Pero el factor determinante de la desigualdad no son las CCAA. Todas ellas tienen en su interior importantes diferencias de clase. La expresión territorial de las desigualdades se produce en muchos otros espacios. Entre ámbitos urbanos y zonas rurales. Eso que llamamos España vaciada está directamente relacionado con la ausencia de servicios públicos en entornos poco poblados. También entre los barrios de una misma ciudad y de manera creciente entre municipios de la misma área metropolitana. Son el barrio, el municipio o el entorno despoblado los espacios territoriales en los que la desigualdad de clase se manifiesta, reproduce y acrecienta.
Basta observar las brechas de todo tipo entre los municipios ricos del norte y los pobres del sur de la comunidad de Madrid. O en Castilla la Mancha, donde existen grandes diferencias entre provincias, incluso dentro de ellas. Sirva de ejemplo Guadalajara, con una dualidad importante que se articula en función de su cercanía y dependencia de la gran metrópoli de Madrid, distrito federal. También en Catalunya, donde la brecha de clase es brutal entre dos municipios separados solo por 6 km (San Cugat y Badía en el Vallès). O entre el barrio de las Arenas en Terrassa y Matadepera, solo separados por una riera.

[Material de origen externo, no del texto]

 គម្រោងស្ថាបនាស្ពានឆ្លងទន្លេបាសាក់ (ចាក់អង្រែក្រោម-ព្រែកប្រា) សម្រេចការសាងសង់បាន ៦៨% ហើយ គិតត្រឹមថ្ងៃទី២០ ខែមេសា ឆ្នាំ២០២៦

Estas diferencias de clase en clave territorial se producen también en el seno de las ciudades. Según su Agencia de Salud Pública la esperanza de vida al nacer en Barcelona varía entre los 78,1 en el barrio de Vallbona y los 87,7 años de Pedralbes. Un diferencial de 9,6 años entre barrio pobre y barrio rico.
Las desigualdades de clase en el territorio se expresan en múltiples facetas. En el trabajo de Mar Cañizares y Sergi Martínez que forma parte del libro colectivo 'La desigualdad en España' se documenta en qué medida la mayor oferta de casas de apuestas en los barrios de renta baja exacerba las desigualdades de renta y tiene consecuencias en los resultados educativos.
Los datos empíricos, los estudios son abrumadores. Y a pesar de ello el relato del agravio comparativo entre CCAA vence –esperemos que no definitivamente– al de las desigualdades de clase.
Las causas son múltiples. Quizás la principal es la gran seducción que para los humanos ha tenido siempre el agravio comparativo como motor de nuestra percepción de la realidad y nuestro comportamiento. A ello contribuye la debilidad ideológica de las izquierdas, casi todas. Unas, ignorando el factor clase social, otras situando el conflicto principal en la dicotomía pueblo/casta. En ambas miradas la clase se diluye como categoría social.
La razón por la que en España el agravio comparativo encuentra su hábitat predilecto en el conflicto entre CCAA puede estar en nuestro sistema político. El estado autonómico convierte a las CCAA en un terreno fértil para la generación y reproducción de élites políticas que, en muchas ocasiones, la usan como factor de cohesión gregaria de su ciudadanía.
Si las izquierdas políticas, también las sociales que no están exentas de caer en esta trampa para elefantes ingenuos, no quieren sucumbir aplastadas por el agravio comparativo, no les queda otra que desandar el camino de las últimas cinco décadas. Recuperar la clase social –con toda la complejidad que comporta unas estructuras sociales que no son las del siglo XX– como categoría de análisis y terreno del debate social y la política. También de los conflictos.